Tuesday, March 27, 2012

City’s pension deficit slashed by $5.9M

(Excerpts of article written By HEATHER MCLAUGHLIN


26 Mar 2012 11:24PM
(Note: I was the Chair of the City's Pension Board 2009/10/11 during the staff/union negotiations process that led to the modified pension plan)
The City of Fredericton’s pension plan has managed to make a $5.9 million financial recovery on what had been a $37.5-million pension deficit as of June 30, 2010.
City councillors were given a pension briefing Monday night at their council-in-committee session.
City treasurer and director of finance Tina Tapley said the city’s pension deficit now stands as of June 30, 2011, at $31.6 million. The plan was audited by Mercers, a third party hired by the city.
In May, after a heated debate with workers who protested cutting back their pensions and urged the city to up its contributions on a matched, co-funded plan with employees, they reached a compromise plan over the next 15 years.
Under the plan approved by council, employees will get increases equal to two-thirds of the consumer price index to a maximum of 1.5 per cent effective Jan. 1. The city had introduced a full indexation of post-retirement pension cheques several years ago when the pension account was flush with cash and by law, the fund couldn’t hold large surpluses.
With the plummet in financial markets, the city’s pension account took a hit.
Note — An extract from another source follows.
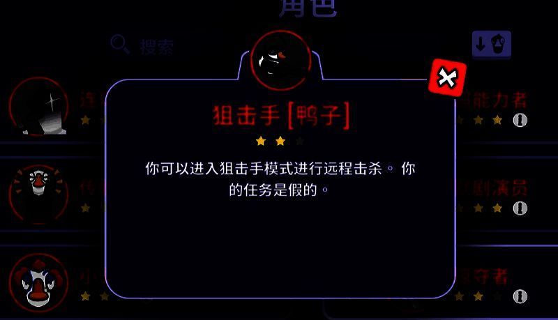 狙击手这个角色的对抗性是比较强的,它一共有两个技能,第1个技能是瞄准,在实战之后狙击手将会进入瞄准状态,可以通过屏幕上的准星来瞄准敌对目标。当你选定好想要攻击的角色之后,就可以使用射击技能来对其造成击杀。游戏内是有友商设置的,因此如果你不小心误伤了队友或者是npc的话,将会触发惩罚机制,有可能是增加你的任务进度,也有可能会直接暴露你自身的位置,后者是十分危险的,你的身份可能就直接显露在玩家们面前了。

Part of the compromise deal to rebuild the pension account was to increase contributions by 0. 9 per cent each for plan members and the city effective June 12, 2011.
“The changes that council made to the pension plan in 2011 to increase contributions and decrease some benefits ... along with better-than-expected investment performance, helped to reduce the pension deficit in 2011,” Tapley said.
“We do have some challenges ahead, though. With the low interest rates, that could impact ... our liabilities because basically our liabilities are going up faster than the investment returns than we’re expecting.”
The city’s pension fund was valued at $160 million in 2010 and $176 million in 2011, but the liabilities — the demands on the fund to pay benefits to retirees — was $197 million in 2010 and nearly $208 million in 2011.
As the city’s workforce ages, there will be fewer employees paying into the plan than those receiving pension payments. “With people living longer, our pension plan retirees will be receiving payments for a longer period of time,” Tapley said.
“We’re not at a critical point there yet, but we do have our eyes on these things and we will need to address these. Good news is that the deficit is reducing, but we need to be cautious in the future.”